(Exercise description) For this listing, reproduce the line with "Tmavomodré polo tričko", the line with "Wanderfotos auf facebook", and the lines between, exactly as they stand. Leave out pictures and all other lines.

(Dataset)
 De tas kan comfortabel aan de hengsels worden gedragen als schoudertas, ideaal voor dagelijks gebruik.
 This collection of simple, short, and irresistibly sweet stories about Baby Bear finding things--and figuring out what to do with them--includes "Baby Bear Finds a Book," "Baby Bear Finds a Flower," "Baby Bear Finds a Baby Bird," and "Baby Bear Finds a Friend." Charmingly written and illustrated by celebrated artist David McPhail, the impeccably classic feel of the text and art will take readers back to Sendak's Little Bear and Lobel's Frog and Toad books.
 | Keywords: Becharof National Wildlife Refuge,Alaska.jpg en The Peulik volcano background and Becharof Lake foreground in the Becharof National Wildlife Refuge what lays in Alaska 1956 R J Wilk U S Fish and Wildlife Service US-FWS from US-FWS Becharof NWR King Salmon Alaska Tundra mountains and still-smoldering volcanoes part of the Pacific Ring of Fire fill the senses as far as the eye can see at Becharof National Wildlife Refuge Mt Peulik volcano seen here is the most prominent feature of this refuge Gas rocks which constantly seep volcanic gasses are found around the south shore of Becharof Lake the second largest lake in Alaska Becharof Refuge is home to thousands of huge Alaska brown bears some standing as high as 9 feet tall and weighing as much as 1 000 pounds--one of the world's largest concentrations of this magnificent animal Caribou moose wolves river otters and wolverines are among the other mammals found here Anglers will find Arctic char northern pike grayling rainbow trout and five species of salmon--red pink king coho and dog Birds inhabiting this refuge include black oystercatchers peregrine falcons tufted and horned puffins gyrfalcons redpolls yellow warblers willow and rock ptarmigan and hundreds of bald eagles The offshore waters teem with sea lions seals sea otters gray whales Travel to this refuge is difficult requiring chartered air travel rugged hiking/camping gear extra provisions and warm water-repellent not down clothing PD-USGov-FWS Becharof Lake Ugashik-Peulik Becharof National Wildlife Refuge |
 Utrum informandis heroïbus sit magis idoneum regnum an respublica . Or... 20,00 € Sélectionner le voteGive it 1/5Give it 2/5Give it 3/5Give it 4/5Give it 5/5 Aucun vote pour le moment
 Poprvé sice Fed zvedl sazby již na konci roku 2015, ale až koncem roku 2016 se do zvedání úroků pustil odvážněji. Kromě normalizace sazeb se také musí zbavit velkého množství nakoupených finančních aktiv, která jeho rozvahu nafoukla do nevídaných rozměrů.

* * *

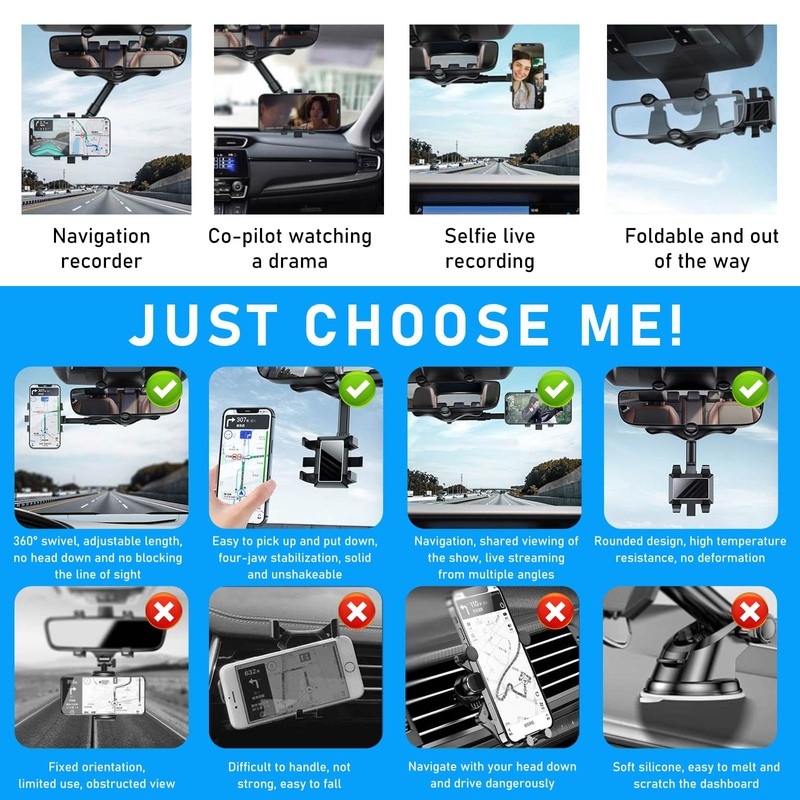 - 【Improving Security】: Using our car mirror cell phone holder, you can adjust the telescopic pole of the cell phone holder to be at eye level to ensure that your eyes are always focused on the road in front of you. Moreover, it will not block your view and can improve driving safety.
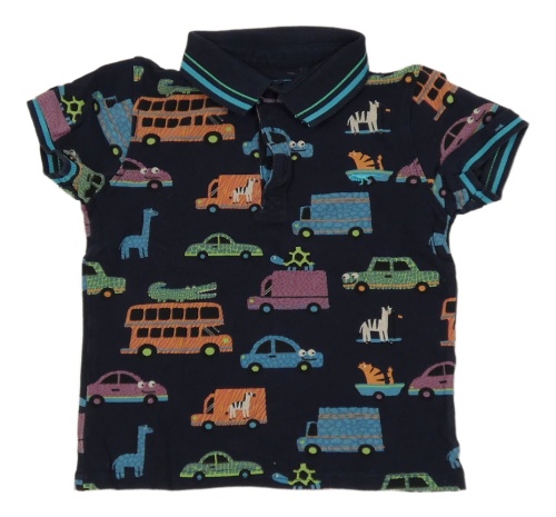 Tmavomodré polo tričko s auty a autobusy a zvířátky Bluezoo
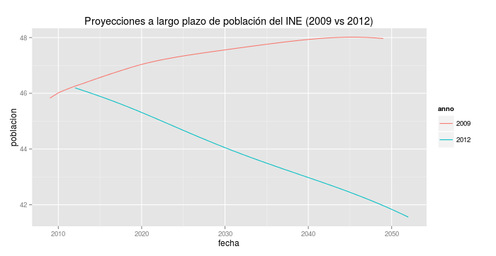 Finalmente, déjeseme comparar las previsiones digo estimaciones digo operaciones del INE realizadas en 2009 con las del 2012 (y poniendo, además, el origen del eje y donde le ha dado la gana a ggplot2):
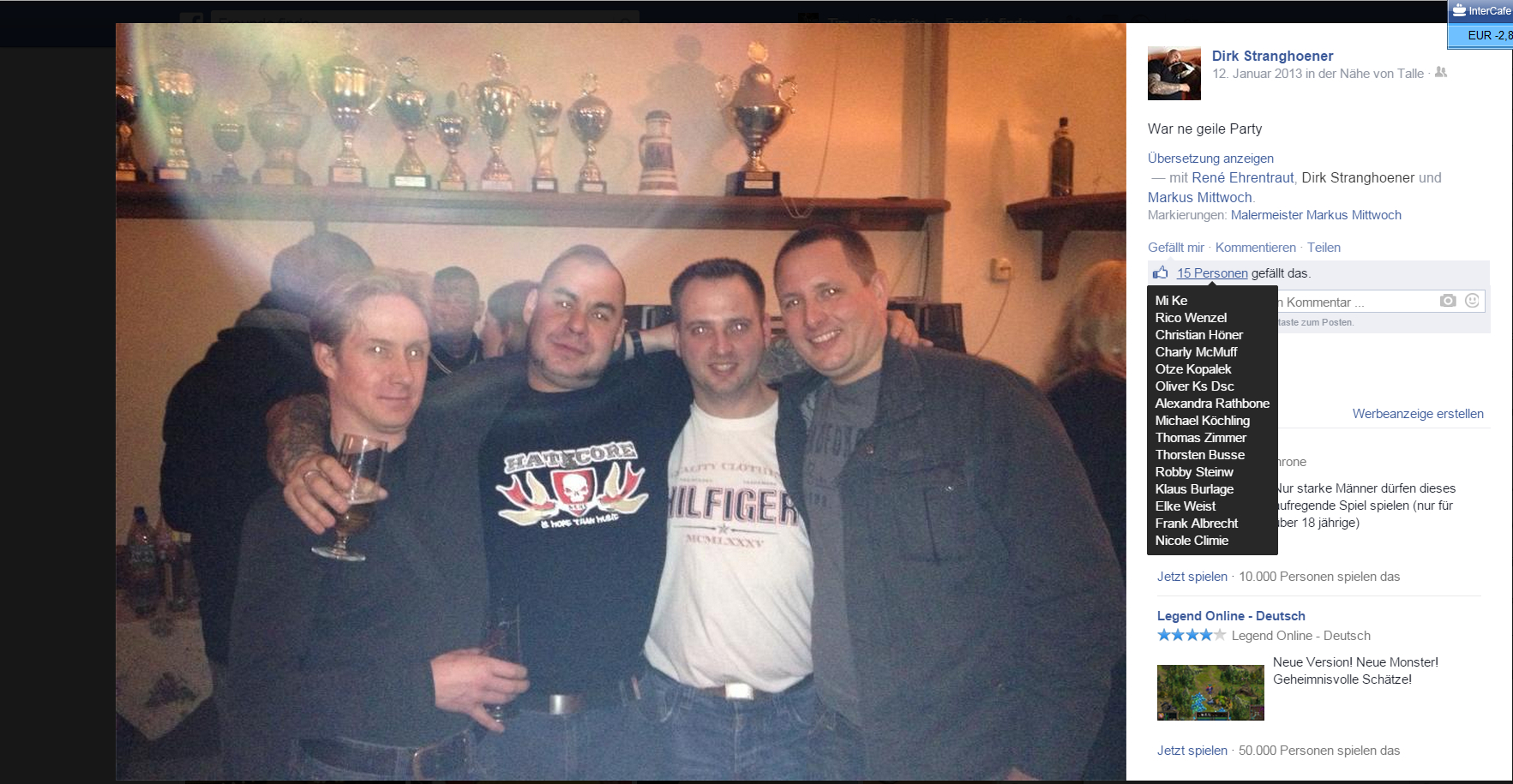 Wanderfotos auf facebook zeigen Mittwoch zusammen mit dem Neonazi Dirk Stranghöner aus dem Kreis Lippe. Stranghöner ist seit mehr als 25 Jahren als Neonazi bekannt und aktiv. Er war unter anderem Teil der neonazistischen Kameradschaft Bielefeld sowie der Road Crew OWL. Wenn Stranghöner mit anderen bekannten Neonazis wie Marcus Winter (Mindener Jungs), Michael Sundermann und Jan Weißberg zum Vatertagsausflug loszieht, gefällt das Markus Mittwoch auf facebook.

(Solution)
 Tmavomodré polo tričko s auty a autobusy a zvířátky Bluezoo
 Finalmente, déjeseme comparar las previsiones digo estimaciones digo operaciones del INE realizadas en 2009 con las del 2012 (y poniendo, además, el origen del eje y donde le ha dado la gana a ggplot2):
 Wanderfotos auf facebook zeigen Mittwoch zusammen mit dem Neonazi Dirk Stranghöner aus dem Kreis Lippe. Stranghöner ist seit mehr als 25 Jahren als Neonazi bekannt und aktiv. Er war unter anderem Teil der neonazistischen Kameradschaft Bielefeld sowie der Road Crew OWL. Wenn Stranghöner mit anderen bekannten Neonazis wie Marcus Winter (Mindener Jungs), Michael Sundermann und Jan Weißberg zum Vatertagsausflug loszieht, gefällt das Markus Mittwoch auf facebook.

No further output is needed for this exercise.